Once you find the line below that has "Etikett címke, o8mm, jelölésre, neon", output it and every line after it exactly, stopping after the line that has "Интерлифт-юг по адресу", with no pictures.

[[ Information shown open ]]

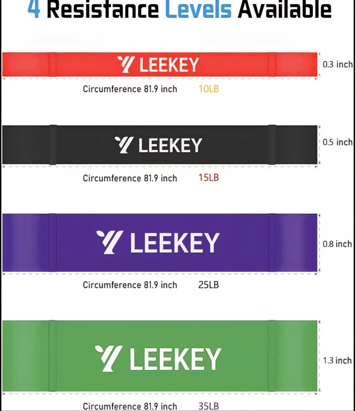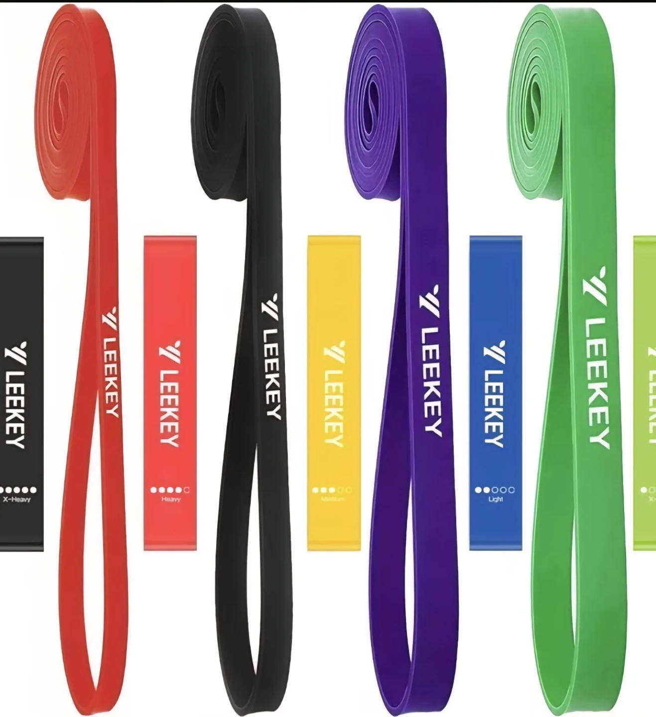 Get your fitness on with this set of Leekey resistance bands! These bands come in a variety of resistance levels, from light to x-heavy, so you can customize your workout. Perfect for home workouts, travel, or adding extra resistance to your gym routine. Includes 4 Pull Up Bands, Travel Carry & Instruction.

[[ Information shown closed ]]
[[ Information shown open ]]

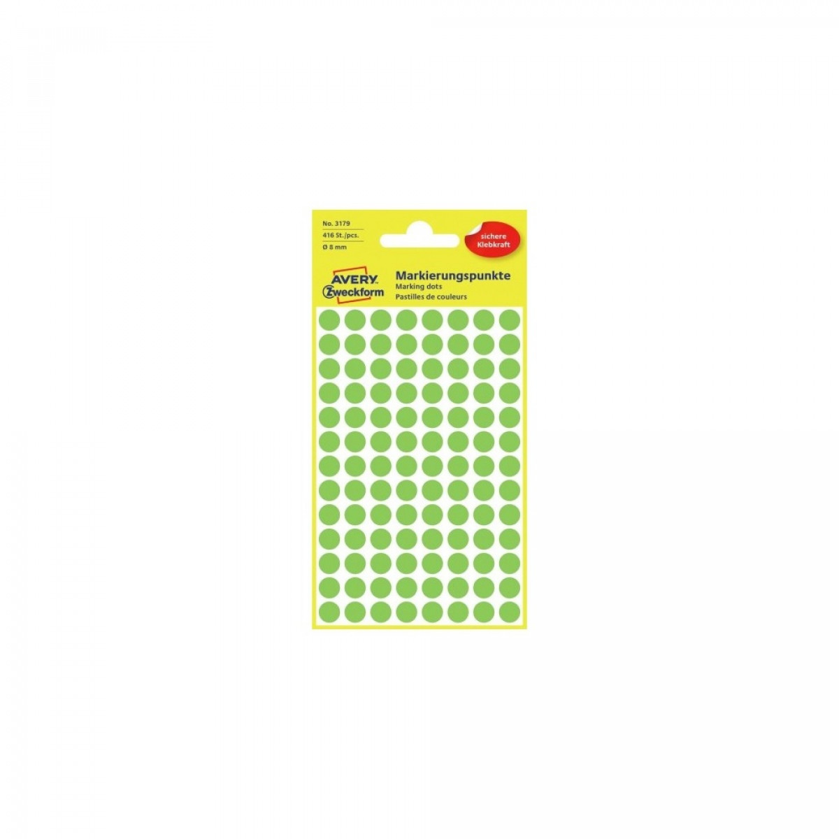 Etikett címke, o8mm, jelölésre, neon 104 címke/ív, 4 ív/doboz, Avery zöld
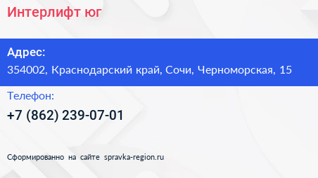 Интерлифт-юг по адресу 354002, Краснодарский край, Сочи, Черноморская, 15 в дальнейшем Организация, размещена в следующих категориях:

[[ Information shown closed ]]
[[ Information shown open ]]

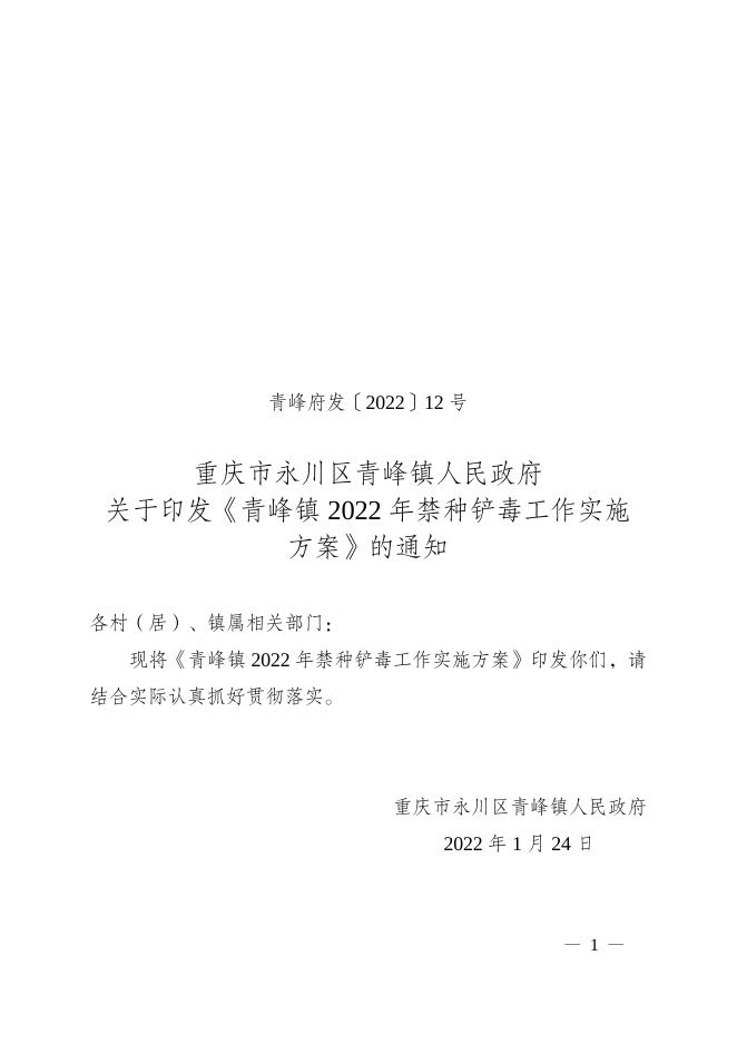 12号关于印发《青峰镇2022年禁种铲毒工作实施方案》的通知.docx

[[ Information shown closed ]]

* _Exercise solution_
 Etikett címke, o8mm, jelölésre, neon 104 címke/ív, 4 ív/doboz, Avery zöld
 Интерлифт-юг по адресу 354002, Краснодарский край, Сочи, Черноморская, 15 в дальнейшем Организация, размещена в следующих категориях:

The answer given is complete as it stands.